Smaller output: compact and repack#

By default the crop keeps each source block’s string table, which is the fastest option. Two flags trade a little speed for a smaller file:

  • compact=True prunes each block’s string table to only the strings its kept elements reference.

  • repack=True re-packs the kept elements into densely filled blocks (as osmium/Osmosis produce) for the smallest output; it supersedes compact.

The written OSM data is identical for every option.

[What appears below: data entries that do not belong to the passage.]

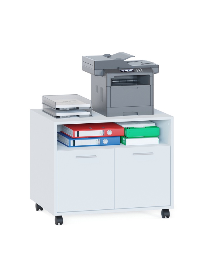 Модель оснащена открытой нишей для быстрого доступа к часто используемым предметам, а также закрытым отделением с распашными дверцами для аккуратного хранения документов и различных вещей. Просторная столешница позволяет использовать тумбу как дополнительную рабочую поверхность.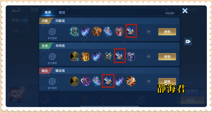 根据游戏内的出装推荐,目前哪吒共有3种不同的出装:
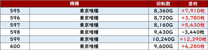 更に「東京喰種 595~600」も圧巻の稼働状況で存在感を発揮!

default = OSM(fp, bounding_box=bbox).to_pbf()
compact = OSM(fp, bounding_box=bbox).to_pbf(compact=True)
repack = OSM(fp, bounding_box=bbox).to_pbf(repack=True)
for label, path in [("default", default), ("compact", compact), ("repack", repack)]:
    print(f"{label:8s} {os.path.getsize(path):>7d} bytes")
default   682143 bytes
compact   679913 bytes
repack    689447 bytes

On this small bundled extract the three files are within a few percent, and repack’s fixed per-block overhead can even make it marginally larger — there is little sparsity to reclaim. The savings appear on large country → region crops, where the kept source blocks are sparse: a Finland → Helsinki crop drops from about 83 MB (default) to 65 MB (compact) to 59 MB (repack), matching what osmium/Osmosis produce.

Write modified OSM data back to a PBF#

write_pbf() writes the data you read back to a valid PBF after you edit it in pandas — for example to fill a missing maxspeed or add a computed travel_time tag. Each row updates the matching element (by osm_type + id); rows whose id is not in the source are added as new elements synthesised from their geometry.

import tempfile

osm = OSM(get_data("test_pbf"))
edges = osm.get_network("driving")

# Edit/add tags in pandas — here we tag every edge with a travel_time
edges["travel_time"] = 1.5

out_path = os.path.join(tempfile.gettempdir(), "modified.osm.pbf")
osm.write_pbf(edges, out_path)
print("wrote", os.path.basename(out_path), os.path.getsize(out_path), "bytes")
wrote modified.osm.pbf 136559 bytes
# Read it back, requesting the new tag as a column
reread = OSM(out_path).get_network("driving", extra_attributes=["travel_time"])
reread["travel_time"].value_counts(dropna=False)
travel_time
1.5    200
Name: count, dtype: int64